Akibatnya dapat memperburuk pengambilan keputusan. Tidur yang cukup
dapat membantu otak remaja bekerja lebih optimal.
- Narsis
Perubahan
hormon saat pubertas berdampak besar bagi otak, salah satunya adalah
memacu reseptor oksitosin diproduksi lebih banyak. Oksitosin
meningkatkan kepekaan sistem limbik dan berkaitan dengan perasaan
kesadaran diri, sehingga membuat remaja merasa seolah-olah ada orang
yang mengawasi Hal ini mungkin membuat remaja jadi tampak egois. Di sisi
lain, perubahan hormon dalam otak remaja ini juga dapat membuat remaja
menjadi lebih idealis. Sampai otaknya berkembang untuk menghadapi
isu-isu yang bersifat abu-abu, remaja cenderung berpikir secara sepihak.
PART 4
Saat
seseorang memasuki usia remaja, biasanya emosinya akan labil atau
berubah-ubah. Perkembangan emosinya menunjukkan sifat yang sensitif dan
reaktif yang sangat kuat terhadap berbagai peristiwa atau situasi
sosial. Ketika sedang kesal karena sesuatu, beberapa dari mereka akan
meluapkan rasa emosinya. Sangat jarang para remaja yang mampu
mengendalikan emosinya itu. Jika si anak mulai memasuki masa remajanya,
maka sebagai orangtua Anda harus bisa menjalin komunikasi yang baik
dengannya. Jangan malah membiarkan si anak ketika mereka sedang emosi.
Ada
beberapa cara jitu untuk mengatasi emosi para remaja. Apa saja?

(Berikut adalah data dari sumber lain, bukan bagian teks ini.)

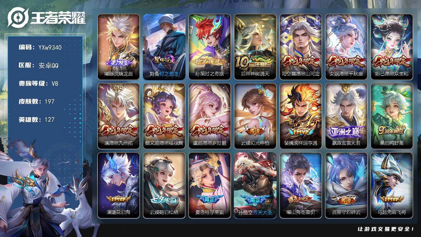 安卓微信-9传说-1无双-126皮肤-125英雄-无双王者-王者账号,皮肤看图。可议价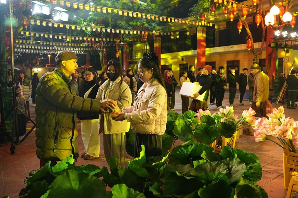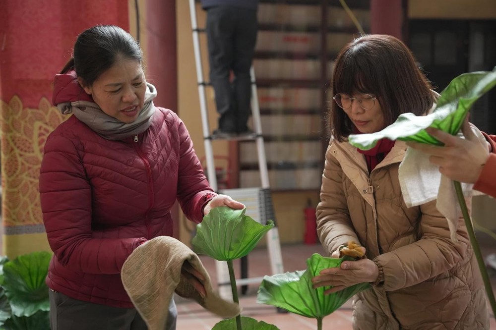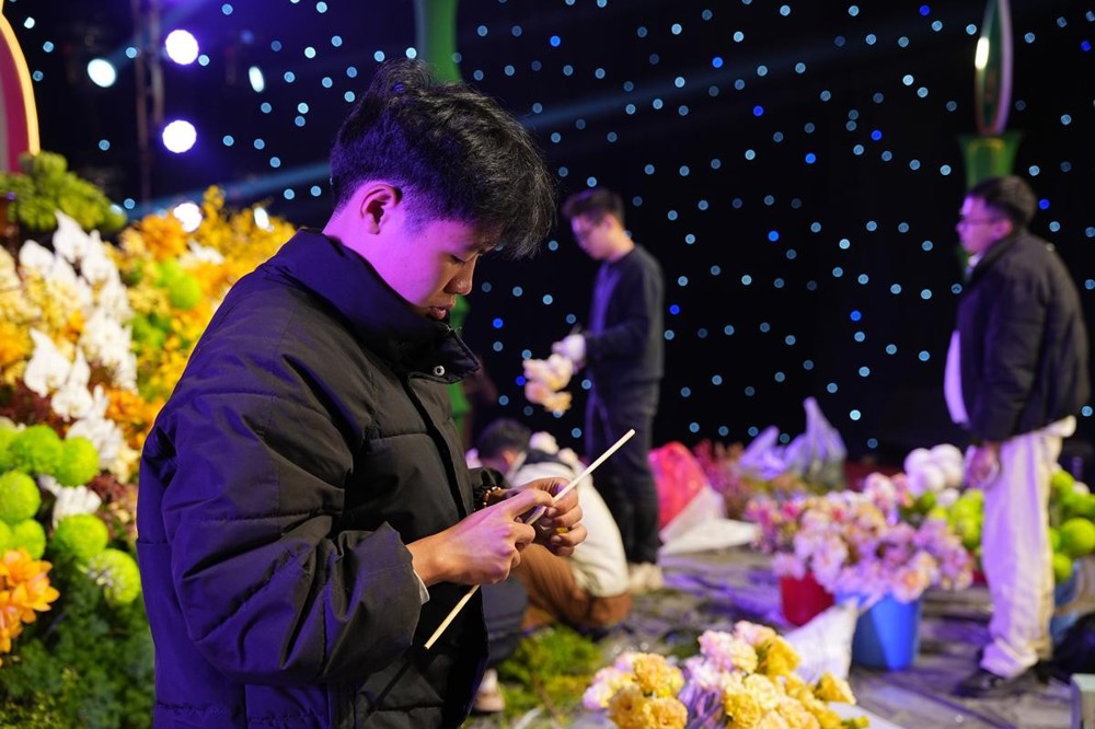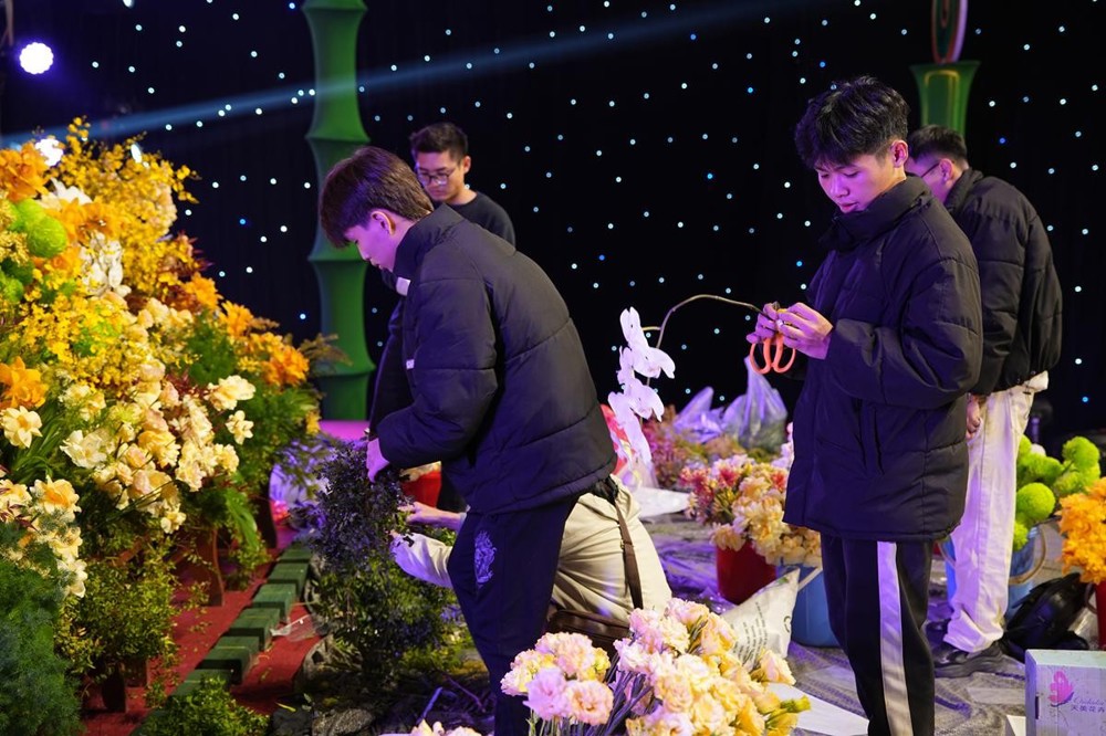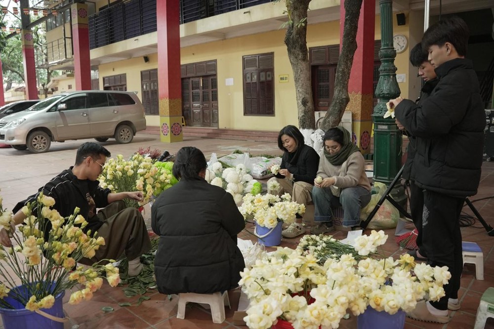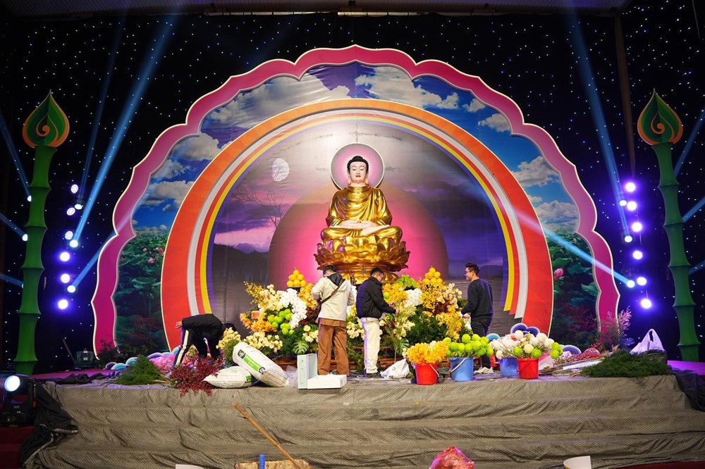 Ngày mai, chương trình sẽ chính thức diễn ra, công tác chuẩn bị đã dần đi vào những khâu hoàn thiện cuối cùng. Khắp khuôn viên chùa, đâu đâu cũng thấy sự tất bật nhưng đầy hoan hỷ. Đội cắm hoa miệt mài chọn từng cành hoa, chỉnh từng sắc màu, chăm chút cho sân khấu thêm phần trang nghiêm và lung linh – như dâng lên Tam Bảo tất cả tấm lòng chí thành của người con Phật.

Dilansir dari Timesofindia.Indiatimes.com, inilah 4 cara mengatasi emosi
para remaja:
- Kenali dulu gejalanya
Emosi
remaja harus diatasi dan diawasi sejak awal. Anak-anak yang sudah
menunjukkan tanda-tanda buruk, seperti suka berbohong, suka jahat pada
temannya, berkata kasar, lain tindakan kasar lainnya itu harus segera
dinasihati. Untuk menasihatinya, Anda disarankan agar berbicara
baik-baik kepadanya. Berikanlah penjelasan yang baik untuknya demi masa
depan si anak.
- Meredam emosinya
Ketika
si anak marah, mereka bisa akan melakukan tindakan yang bisa
membahayakan orang lain atau dirinya sendiri. Ketika hal tersebut
terjadi, orangtua harus memberikan perhatian penuh pada anak. Selain
itu, Anda juga harus mampu meredam emosinya dengan cara menenangkannya.
- Mengawasi perilakunya
Orangtua
harus bisa mengawasi perilaku dan pergaulan mereka. Anda disarankan
agar selalu memperhatikan teman-temannya dan kegiatan apa yang biasa
dilakukannya di rumah. Selain itu, orangtua juga harus membangun
hubungan yang baik dan dekat dengan anak-anaknya. Tujuannya adalah agar
si anak tidak berani melakuakn hal-hal yang bisa membahayakan dirinya
atau orang lain.
- Mengatasi akar masalahnya
Terkadang
emosi anak berasal dari hal-hal yang terpendam. Misalnya,
ketidaknyamanannya berada di kelas, sering diejek oleh teman-temannya,
dan hal lainnya. Hal tersebut bisa saja membuat mereka jadi malas pergi
ke sekolah, mudah marah, dan berkata kasar. Untuk itu, sebagai orangtua
Anda disarankan agar mengenali dan memahami si anak. Selain itu, sabar
juga untuk menggali akar masalah yang membuat anak bertindak buruk.
Itulah
cara tepat mengatasi emosi remaja. Seorang anak tak mungkin bersikap
kasar atau marah berlebihan tanpa alasan. Untuk itu, sebagai orangtua
Anda harus selalu mengawasinya dan menjalin komunikasi yang baik ddengan
mereka agar bisa mengatasi emosinya.